C'est le nouvel écrin breizhilien de l'entreprise finistérienne La Chocolaterie, constitué d'un atelier "haute-couture" et d'espaces ouverts au public. La Manufacture a ouvert à Saint-Thonan (29), un espace singulier qui mêle production artisanale, commercialisation et ateliers pédagogiques. Un concept annoncé comme unique en Europe, qui rassemble toute la chaîne du chocolat : de la production des cabosses de cacao jusqu'à la fabrication des gourmandises chocolatées les plus fines, en passant par la torréfaction des fèves.
C’est comme une boite de bons chocolats, un bel écrin qui enferme une pluralité de saveurs et de gourmandises. La Manufacture a ouvert ses portes à Saint-Thonan (29) : 3000 m² dédiés à la fabrication, l’explication et la dégustation des produits chocolatés qui y sont pensés, élaborés, créés. Chocolatier depuis plus de dix ans, Olivier Bordais vient d’inaugurer ce nouveau bâtiment, entièrement écoconçu et facilement identifiable avec son bardage bleu, la couleur caractéristique de La Chocolaterie. A l’intérieur, on y retrouve un laboratoire de 800 m2 dédié à la torréfaction du cacao et à la production de gourmandises chocolatées, mais aussi une boutique, un restaurant, un salon de thé, des ateliers pour des cours de cuisine, un circuit pour les visites pédagogiques, des bureaux administratifs et un espace séminaire pour accueillir les entreprises. Et au cœur du bâtiment, comme pour rallier ces espaces éclectiques, une serre tropicale de 200 m2 laisse pousser cacaoyers (dont un produit des fèves), café, vanille, açaï, orchidée du Brésil et même quelques grenouilles endémiques. « La Manufacture, c’est le nouveau « tiers-lieu » de La Chocolaterie ; un espace unique en France et singulier en Europe, entièrement dédié au cacao et au chocolat », définit Olivier Bordais.
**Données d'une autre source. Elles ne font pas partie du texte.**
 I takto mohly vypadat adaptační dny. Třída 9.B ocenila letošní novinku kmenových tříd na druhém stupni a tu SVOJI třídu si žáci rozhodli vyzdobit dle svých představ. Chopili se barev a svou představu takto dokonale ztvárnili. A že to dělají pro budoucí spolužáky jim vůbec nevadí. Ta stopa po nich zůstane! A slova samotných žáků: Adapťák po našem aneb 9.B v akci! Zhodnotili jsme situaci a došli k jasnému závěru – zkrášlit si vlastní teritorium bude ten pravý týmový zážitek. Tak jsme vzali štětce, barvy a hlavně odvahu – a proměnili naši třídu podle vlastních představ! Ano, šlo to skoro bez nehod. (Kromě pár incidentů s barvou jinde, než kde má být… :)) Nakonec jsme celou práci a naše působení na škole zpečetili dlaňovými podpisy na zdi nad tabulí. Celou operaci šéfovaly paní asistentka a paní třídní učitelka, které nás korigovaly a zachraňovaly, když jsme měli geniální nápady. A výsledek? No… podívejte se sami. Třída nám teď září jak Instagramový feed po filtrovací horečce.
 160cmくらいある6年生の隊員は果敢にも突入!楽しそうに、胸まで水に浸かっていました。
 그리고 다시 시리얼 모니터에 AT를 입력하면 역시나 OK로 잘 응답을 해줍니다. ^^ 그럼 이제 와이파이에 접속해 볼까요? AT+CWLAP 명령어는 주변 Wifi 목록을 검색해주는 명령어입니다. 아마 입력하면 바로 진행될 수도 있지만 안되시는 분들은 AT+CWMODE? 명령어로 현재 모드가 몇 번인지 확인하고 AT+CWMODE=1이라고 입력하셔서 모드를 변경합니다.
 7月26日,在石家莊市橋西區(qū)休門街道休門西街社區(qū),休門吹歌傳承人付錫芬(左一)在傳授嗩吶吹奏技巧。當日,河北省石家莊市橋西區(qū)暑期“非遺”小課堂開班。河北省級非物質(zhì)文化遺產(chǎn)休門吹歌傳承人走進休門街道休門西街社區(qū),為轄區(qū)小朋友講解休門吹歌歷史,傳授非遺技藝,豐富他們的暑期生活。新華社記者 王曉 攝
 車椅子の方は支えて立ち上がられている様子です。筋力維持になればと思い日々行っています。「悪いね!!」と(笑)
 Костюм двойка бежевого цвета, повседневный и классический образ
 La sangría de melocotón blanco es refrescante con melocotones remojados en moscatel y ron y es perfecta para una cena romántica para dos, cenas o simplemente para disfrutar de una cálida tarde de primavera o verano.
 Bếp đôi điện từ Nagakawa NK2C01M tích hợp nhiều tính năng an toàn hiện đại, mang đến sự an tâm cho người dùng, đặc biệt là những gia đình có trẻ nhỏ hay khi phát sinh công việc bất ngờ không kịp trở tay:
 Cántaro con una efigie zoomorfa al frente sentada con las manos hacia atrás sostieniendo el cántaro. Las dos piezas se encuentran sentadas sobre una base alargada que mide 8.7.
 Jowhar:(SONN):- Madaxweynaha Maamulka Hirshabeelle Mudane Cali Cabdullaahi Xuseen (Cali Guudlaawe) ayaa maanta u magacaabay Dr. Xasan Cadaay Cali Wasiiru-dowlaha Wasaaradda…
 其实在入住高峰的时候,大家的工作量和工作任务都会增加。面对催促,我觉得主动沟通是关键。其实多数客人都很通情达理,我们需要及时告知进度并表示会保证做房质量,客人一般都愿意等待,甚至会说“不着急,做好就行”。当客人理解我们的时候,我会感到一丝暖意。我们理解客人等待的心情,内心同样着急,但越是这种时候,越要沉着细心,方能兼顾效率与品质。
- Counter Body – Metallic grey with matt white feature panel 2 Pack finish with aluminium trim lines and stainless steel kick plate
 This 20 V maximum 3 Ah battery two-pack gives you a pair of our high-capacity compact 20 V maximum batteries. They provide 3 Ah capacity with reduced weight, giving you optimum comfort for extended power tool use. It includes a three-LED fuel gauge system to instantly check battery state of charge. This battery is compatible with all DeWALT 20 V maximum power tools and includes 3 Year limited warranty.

De la production de cacao à la fabrication de chocolats
Le concept de La Chocolaterie se définit en deux temps et deux continents. En 2011, Olivier Bordais achetait une ferme au Brésil, la ferme Ouro verde nichée dans la forêt Mata Atlantica, pour y produire du cacao. « À notre arrivée en 2011, les terres avaient été déforestées. Nous avons établi un programme de reforestation. Plus de 150 000 arbres ont été replantés, dans le respect d’un modèle d’agriculture raisonnée. Aujourd’hui, c’est aussi cela qui fait notre différence. Nous sommes moins de dix en Europe et moins de cinq en France à posséder une ferme et produire du chocolat« , souligne l’entrepreneur finistérien.

Produire un chocolat d’excellence
Lors de la visite de ce nouvel écrin, Olivier Bordais l’avoue : « mon objectif n’est pas de devenir le plus gros, mais je l’espère l’un des meilleurs. » Pour cela, il s’est entouré de professionnels passionnés et aguerris : David Pujol, qui a pris la direction de la ferme au Brésil, « un véritable orfèvre de l’or vert » qui cultive 30 000 pieds de cacao et 95 000 pieds de café ; et puis Anthony Placier, directeur de l’atelier de Saint-Thonan, où travaille 50 personnes, et Sébastien Le Corre responsable de la production d’excellence qui est visée.